YOUR INSTRUCTIONS: Write out the lines below once more, exactly as they appear. Do not include pictures.

STORED DATA:
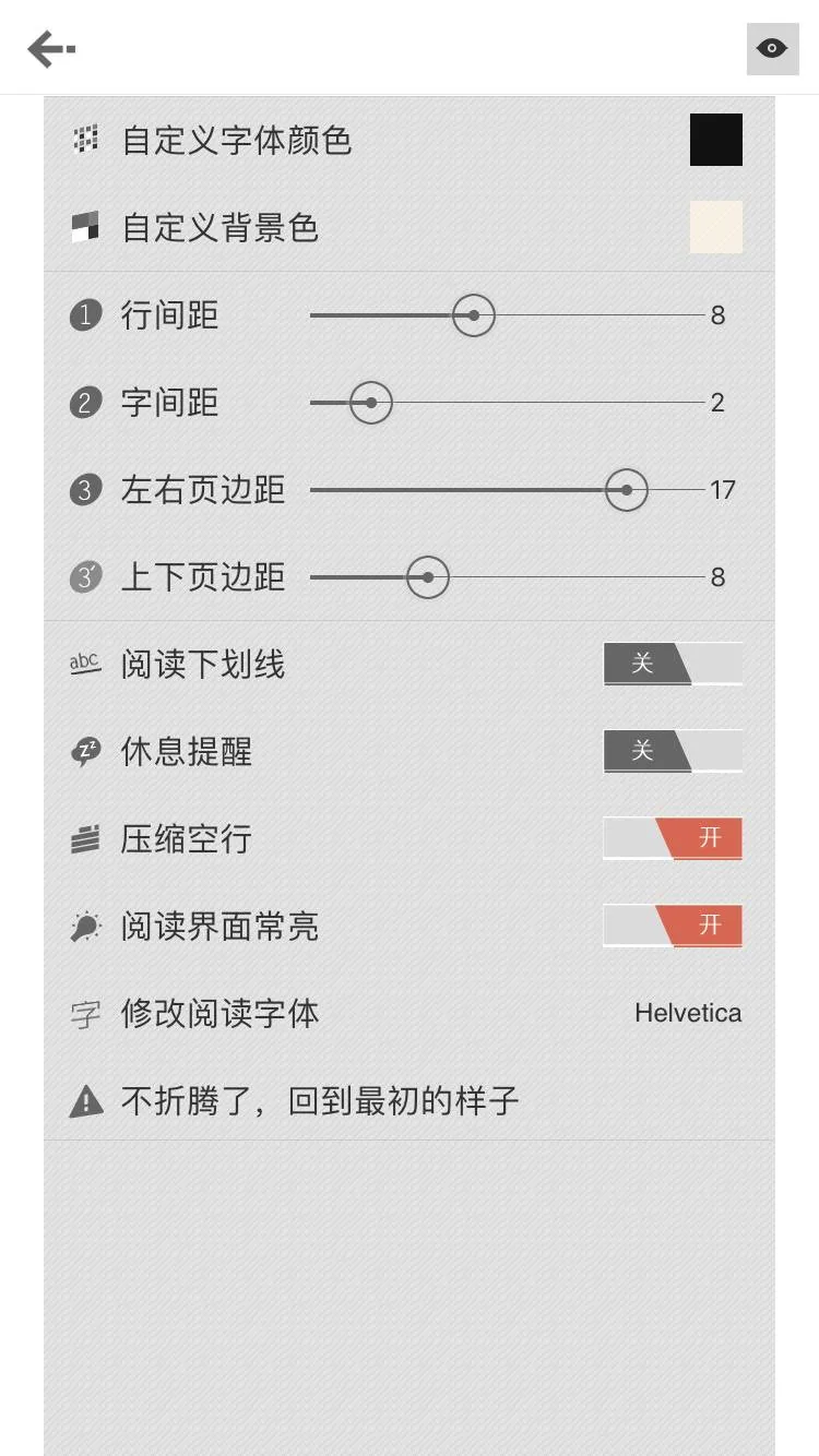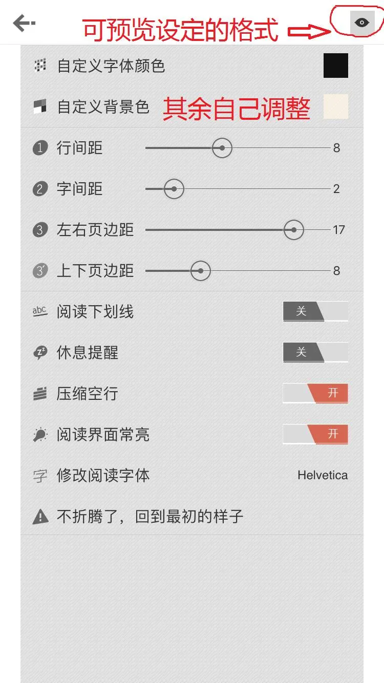 打开小说,点击最右下角的“。。。”,然后按照自己的习惯进行调整,打开后的最右上角有个眼,点击那个就可以看到你设定的样式预览。
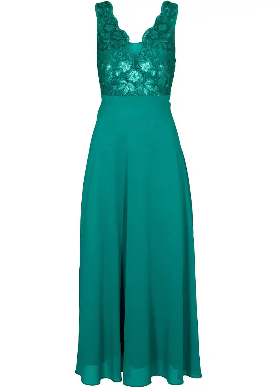 Elegantna večernja haljina s finim vezom i ukrasima od šljokica na gornjem dijelu
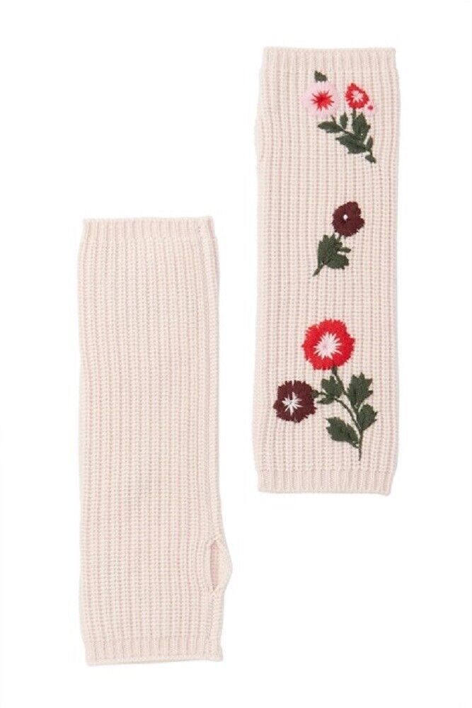Long fingerless gloves are knit from supersoft merino wool with bright, embroidered-flower details for playful, shabby-chic style.

FINISHED EXERCISE:
 打开小说,点击最右下角的“。。。”,然后按照自己的习惯进行调整,打开后的最右上角有个眼,点击那个就可以看到你设定的样式预览。
 Elegantna večernja haljina s finim vezom i ukrasima od šljokica na gornjem dijelu
Long fingerless gloves are knit from supersoft merino wool with bright, embroidered-flower details for playful, shabby-chic style.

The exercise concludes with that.